For those passport-holders of countries that do require a visa – mostly African, Middle Eastern, South Asian countries and China – these can be obtained in advance at a Kyrgyzstan embassy. Most will be required to obtain a visa support letter from the Consular Department of the Ministry of Foreign Affairs if travelling for business purposes or, if travelling privately or for the purposes of tourism, an invitation letter (usually referred to as LOI – ‘letter of invitation’) issued by the Ministry of Internal Affairs. This additional paperwork can be issued, at a price and with some advance notice, by contacting one of the Bishkek travel agents listed. Visas are normally issued for 30 days.

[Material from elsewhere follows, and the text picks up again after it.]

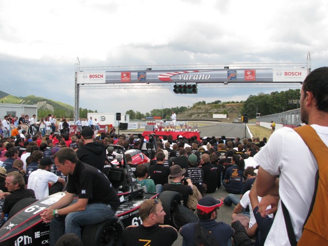אני אנסה לכתוב קצת בתקווה שאצליח להעביר חלק מהחוויה המיוחדת הזאת. מגיע למסלול ביום שישי בצהריים, בדיוק כשהרכב נכנס לבדיקות טכניות שמבלי לעבור אותן הרכב לא רשאי להתחרות ואפשר ללכת הביתה. השופטים האיטלקים (אנשי פרארי, פיאט, מזראטי וכו') בודקים את הרכב ברצינות ומבטים רציניים מוחלפים בינינו בזמן שהם מנסים להכניס תבנית עץ של מידות מינימליות בתוך תא הנהג ולא מצליחים. לאט לאט מגיעה הבשורה שהשלדה לא תקנית וצריך לתקנה. גם הרסטריקטור נמצא לא תקני, חלקית בגלל שהשופט מחליט לדחוף באלימות את המוט הבודק וכנראה מצליח לעוות במידה קטנה את הרסטריקטור. זו כבר בעייה רצינית לעצב מחדש רסטריקטור מקרבון, ולאחר התייעצויות וכמה ראיונות מבריקים מחליטים להשתמש ברסטריקטור אלומיניום שנבנה כמוק אפ לפני הזה מהקרבון. את פנים הרסטריקטור מצפים בסרט אלומיניום דביק כך שקוטרו הפנימי קטן. כך הלאה מתקנים בעיות שונות של עמידה בחוקים למול עיניהם המשתאות של השופטים שרגילים לראות קבוצות עומדות בחוסר עונים מול צרות שכאלו. מתקנים את הליקויים וחוזרים בדפיקות לב לשופט ושופטת צעירים יחסית שמחליטים לאפשר לנו לעבור לאחר התיעצות עם שופט מבוגר יותר שכנראה "נדלק" על הקבוצה וסיפורה המיוחד. ממשיכים הלאה לשאר הבדיקות - הרכב מורם 60 מעלות בשיפוע צד לבדוק שהוא אינו מתהפך ושנוזלים אינם יוצאים (בשלב זה אני מחזיק אצבעות שדלק לא ינזל מהמיכל היות ואין נשם עם קפיץ וכל עוד הרכב אינו הפוך דלק יכול לנזול), עושים בדיקת רעש אותה אנו עוברים רק בסיבוב השלישי ומספיקים לעשות גם בדיקת בלימה שמוכיחה שהרכב מסוגל לנעול 4 גלגלים. סדר היום בתחרות בנוי כך שהמסלול פתוח לנו מ8 בבוקר עד לאותה שעה בערב, פחות או יותר. בשאר הזמן אנו נמצאים באיזור הקמפינג קילומטר מהמסלול, עם שאר הקבוצות שמגיעות מכל העולם. המקום שוקק חיים בלילות והקבוצות מכלות ארגזים על ארגזים של בירות במשחקי שתייה לתוך הלילה, פשוט חיות אדם האירופאים האלה. הדינמיקה לאורך כל התחרות היא של שיתוף ופרגון מצד כל הקבוצות וישנה עזרה הדדית ושיתוף בכלים וחומרים. אנו מוצאים את עצמינו יושבים עם שאר המתחרים על בירות בלילות, מחליפים חוויות ובכלל מתקשים לענות על השאלה החוזרת "למה ספורט מוטורי לא חוקי בישראל?". בעוד אנחנו בני 26-30 בקבוצה, למודי שירות צבאי וחיים לא פשוטים (אם כי בעלי משמעות, לדעתי לפחות) בישראל, מתחרינו בני 20 בממוצע, חיים ונושמים את עולם הרכב. פגישה מקרית בשלושה חבר'ה מגלה שבסופי השבוע הם לוקחים את מכוניות המירוץ הישנות של הקבוצה שלהן ומתחרים בינהם לכיף, ושהם עובדים עבודות סטודנט במרצדס ופורשה...

Citizens of a small number of countries that require visas are able to obtain them without providing visa support or a LOI, and can obtain visas on arrival by air for between US$50–100 depending on length of stay and whether single or double entry. The countries not requiring visa support are: Albania, Andorra, Argentina, Brazil, Bulgaria, Chile, Cyprus, Indonesia, Israel, Macedonia, Mexico, Montenegro, Oman, Philippines, Romania, San Marino, Serbia, South Africa, Thailand, Venezuela and Vietnam.
Kyrgyzstan’s main international airport is Manas Airport in Bishkek (airport code: FRU; Tel: 693 109; Email email@example.com; www.airport.kg) although a few flights from Russia also go direct to Osh. Manas Airport lies about 25km north of the capital, a 40-minute drive away.
From the UK
There are no longer any direct flights between the UK and Bishkek. The nearest airport for flights originating in London is Almaty in Kazakhstan, a four-hour drive from Bishkek. British Airways (www.britishairways.com) fly three or four times a week to Almaty for around £550 return. KLM (www.klm.com) offers a similar service but this requires a change of planes at Amsterdam.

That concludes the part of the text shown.